The Masters final will be contested between a couple of Englishmen on Sunday at the Alexandra Palace in London.

Stuart Bingham will face Ali Carter in a title decider that few, if any, would have predicted at the outset of the tournament last week.

Bingham ended the run of debutant David Gilbert in the last four with a 6-2 victory, several hours after Carter denied Shaun Murphy with a 6-3 scoreline.

Both cueists will feature in the Masters final for the first time in their careers at the ages of 43 and 40 respectively.

It’s an astounding occurrence given the high-quality opposition they have had to face, not to mention their past records in the prestigious invitational event.

With twenty appearances between them before the 2020 edition, Bingham and Carter had only progressed beyond the opening hurdle three times.

As it is, the duo vies for an elusive Triple Crown title, a lucrative champion’s cheque worth £250,000, and the coveted Paul Hunter Trophy.

Bingham knows what it takes to win something of this magnitude, memorably claiming the World Championship honours in 2015.

For Carter, the “Captain” is gunning for a maiden triumph at this level, and there are many who believe destiny is playing a part in his amazing run.

Carter shouldn’t have even been in this year’s Masters as, ranked 17th in the world and with a field that is usually restricted to only the top 16, the four-time ranking event winner only gained an invite as a result of Ronnie O’Sullivan’s decision to not enter.

Ironically, Carter would become the first player since O’Sullivan in 2014 to win the Masters without being ranked in the elite bracket.

O’Sullivan was 24th in the pecking order at the time but qualified as the reigning world champion.

The two-time Crucible runner-up divides opinion as he is generally lauded for his recovery from long-term health issues, but widely criticised for his overall attitude and demeanour, especially around the table.

It didn’t help matters when he hastily questioned a referee’s decision during his quarter-final defeat of John Higgins, resulting in the official overturning what was a correct initial call of a foul.

Carter, then, will likely be the second favourite with the majority of fans and that is something that is mirrored with the bookies too.

Over the last five or six years it has been Bingham who has consistently been nearer the higher echelons of the sport and success in the Masters for “Ballrun”, although somewhat unexpected this year, would not necessarily be a huge surprise when the dust settles.

That kind of sentiment is probably reflected in the pair’s head-to-head record with one another.

While Bingham boasts only a narrow 9-8 advantage from their prior battles overall, the former world number two has actually triumphed in their last six meetings, dating back to 2016.
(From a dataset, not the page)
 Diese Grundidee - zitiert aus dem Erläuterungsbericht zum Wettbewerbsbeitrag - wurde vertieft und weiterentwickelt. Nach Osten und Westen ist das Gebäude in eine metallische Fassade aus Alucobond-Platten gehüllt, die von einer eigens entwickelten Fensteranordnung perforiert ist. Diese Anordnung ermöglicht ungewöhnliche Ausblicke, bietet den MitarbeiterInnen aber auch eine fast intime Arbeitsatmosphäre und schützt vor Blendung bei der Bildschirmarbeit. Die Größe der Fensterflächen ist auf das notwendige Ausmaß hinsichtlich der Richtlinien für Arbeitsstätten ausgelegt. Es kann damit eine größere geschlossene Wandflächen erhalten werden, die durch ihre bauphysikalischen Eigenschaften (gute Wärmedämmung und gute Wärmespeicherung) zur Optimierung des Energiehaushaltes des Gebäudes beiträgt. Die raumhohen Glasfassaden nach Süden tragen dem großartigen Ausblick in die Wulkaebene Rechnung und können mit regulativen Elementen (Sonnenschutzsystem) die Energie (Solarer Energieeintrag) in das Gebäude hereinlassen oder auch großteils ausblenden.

Carter, though, has looked a determined force since beating three-time champion Mark Selby in the last 16.

There hasn’t been a Masters final that has went the distance for ten years, but this fixture has the hallmark of one that could finish 10-9 to either player.
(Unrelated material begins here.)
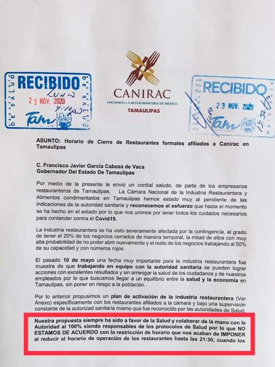 "Nuestra propuesta siempre ha sido a favor de la salud y colaborar de la mano con la autoridad al cien por ciento siendo responsables de los protocolos de Salud por lo que no estamos de acuerdo con las restricciones de horario que nos acaban de imponer al reducir el horario de operaciones de los restaurantes hasta las 21:30 horas", señaló a través del comunicado.

It will be interesting to see whether either protagonist, or indeed both, can rise to the occasion, or if it will materialise to be a slugfest between a couple of nervy competitors.

Following an event that has produced a disappointingly average standard of snooker throughout, the latter seems more likely, but who knows?

Either way, against all odds either Stuart Bingham or Ali Carter will be accepting the plaudits as the Masters champion on Sunday night at the Ally Pally.

Live coverage of the Masters final is on the BBC and Eurosport.